»Me retiré en buen orden, siempre con el ojo clavado sobre todos los movimientos del trío. No pasó un rato largo sin que Zarlenga se dirigiera con paso firme al depósito de escobas y enseres donde el rústico pernoctaba. Con un salto más bien de mono me situé en la escalera, y apliqué la oreja a los escalones, para no perder ni una letra de lo que decían abajo. Zarlenga le exigió al rusticano la entrega del revólver. El otro redondamente se lo negó. Zarlenga le dijo una amenaza, que no la quiero recordar por no apesadumbrarlo, señor Parodi. Limardo, con una especie de soberbia tranquila, dijo que las amenazas no lo tocaban, porque él era invulnerable, como si tuviera el chaleco a prueba de balas y que más de un Zarlenga juntos no le iban a meter miedo. Inter nos, de poco le valió el chaleco, si lo tenía, porque antes de alcanzar el Día del Kilo amaneció cadáver en mi piecita.
– ¿Cómo finiquitó la discusión? -preguntó Parodi.
– Como finiquitan todas las cosas. Zarlenga no iba a perder su tiempo con un pobre alienado. Se fue como había venido, lo más chato.

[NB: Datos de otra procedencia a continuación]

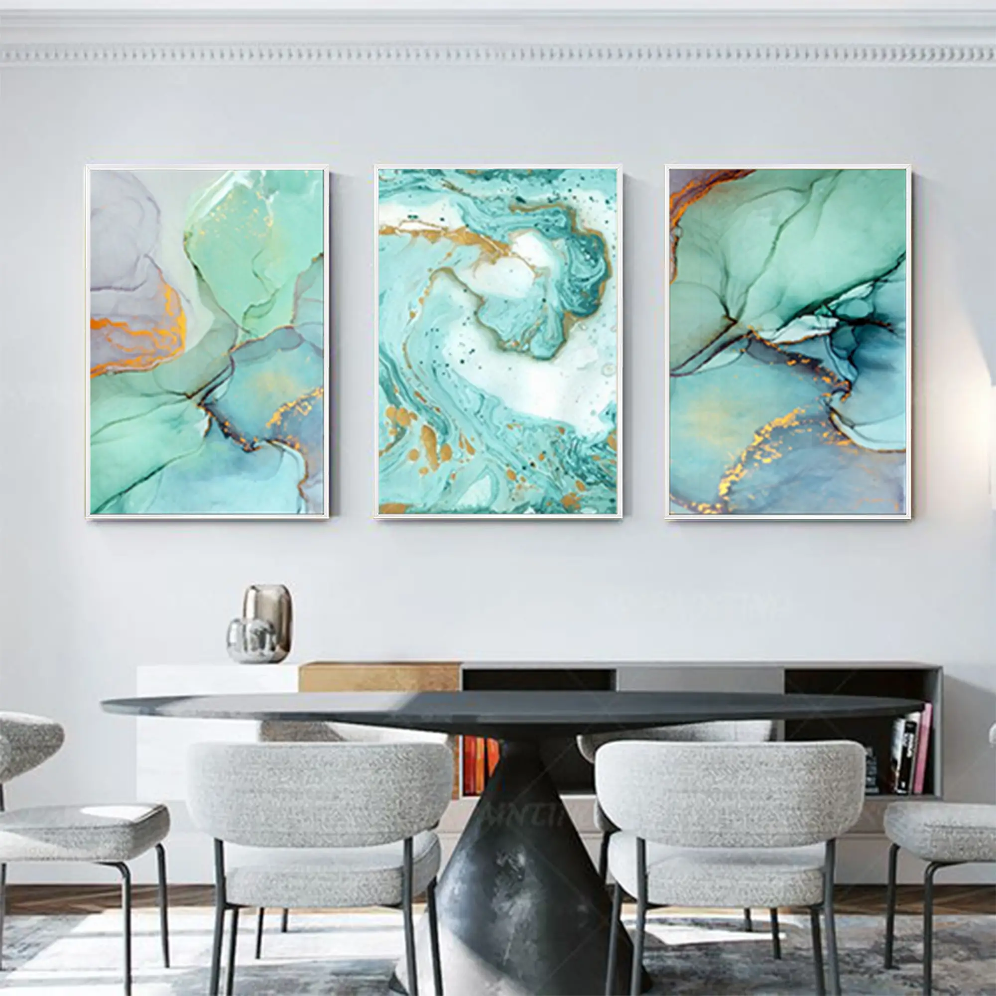 Yeşil-Mavi Soyut Desenli Metal Çerçeveli Tablo Seti Beyaz Hakkında
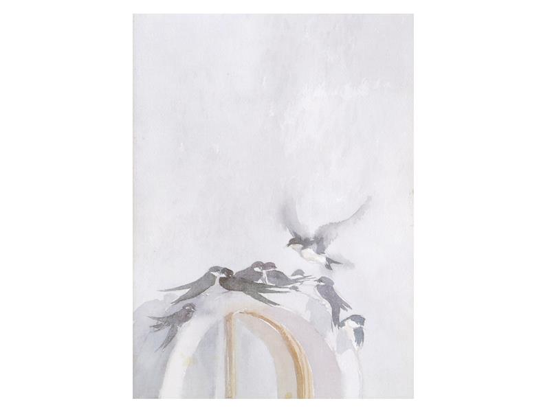 KUŞLU KOMPOZİSYON. KARTON ÜZERİ SULUBOYA. İMZASIZ. 31X22,5 CM.
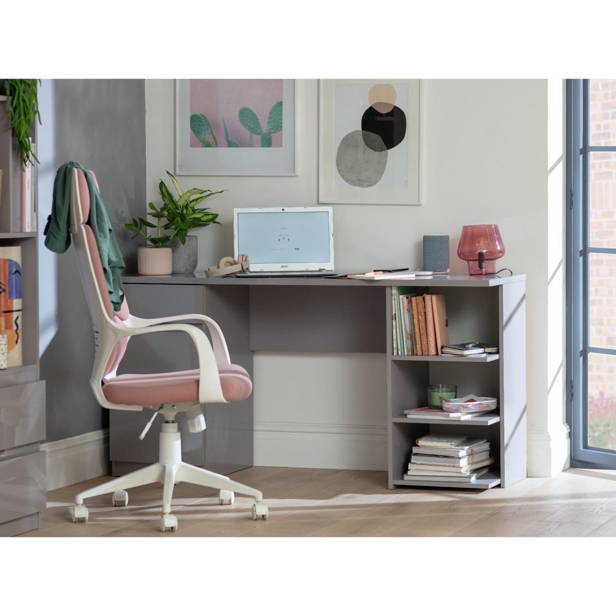 A perfect place to work. Jenson is a sleek minimalist desk designed for work and hiding clutter. Finished in a contemporary grey gloss, one pedestal has a handy drawer and adjustable shelving concealed by a door. The other has open shelving for attractive display space. Clever, huh? Jenson makes a perfect work-from-home space and looks great wherever you put it – living room, study or bedroom.
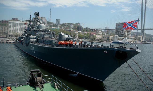 Большой десантный корабль "Ослябя", эсминец "Быстрый" и морской буксир "Калар" приняли участие в "Походе памяти" посвященном Дню Победы, 200-летию со дня рождения адмирала Невельского и 282-й годовщине ТОФ.
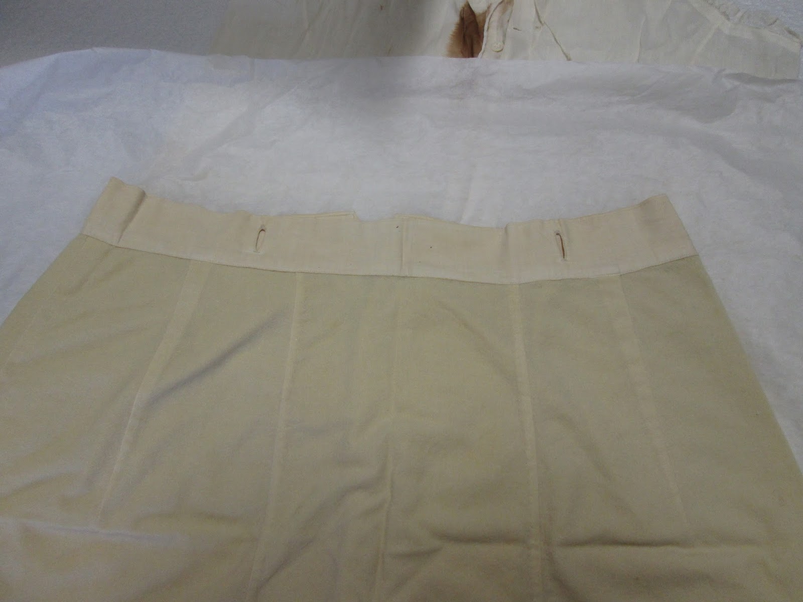 The petticoats are cream wool flannel, surprisingly soft and light if you haven\’t handled a lot of historic wool products. Wool could be woven in many weights and textures–a lot of which have been abandoned today.

»Ahora llegamos al domingo fatídico. Me duele confesar que ese día el hotel está muerto, falto de animación. Como yo me aburría como un bendito, se me ocurrió sacarlo a Fainberg de la negra ignorancia y le enseñé a jugar al truco, para que no hiciera un triste papel en los bares de cada esquina. Señor Parodi, yo tengo pasta para enseñar; la prueba es que el alumno me ganó ipso facto dos pesos, de los cuales me cobró uno cuarenta en metálico, y para saldar la deuda me convidó a que lo invitara a una matinée en el Excelsior. Por algo dicen que Rosita Rosenberg tiene el cetro de la risa. Las plateas gozaban cono si les hicieran cosquillas, aunque yo no pescaba una palabra, porque hablaban en un idioma que tienen los rusos para que no los manye al vuelo ni el Pibe Sinagoga, y yo estaba impaciente por llegar al hotel para que Fainberg me contara los chistes. Como para chistes estábamos cuando me reintegré a la piecita sano y salvo. Usted viera la lástima de mi cama; ya la frazada y la cubija eran una sola mancha; la almohada no estaba mucho mejor que digamos; la sangre había ganado hasta las bolsas y yo me preguntaba dónde iba a dormir esa noche, porque el finado Tadeo Limardo estaba tendido en la cama, más muerto que un salame.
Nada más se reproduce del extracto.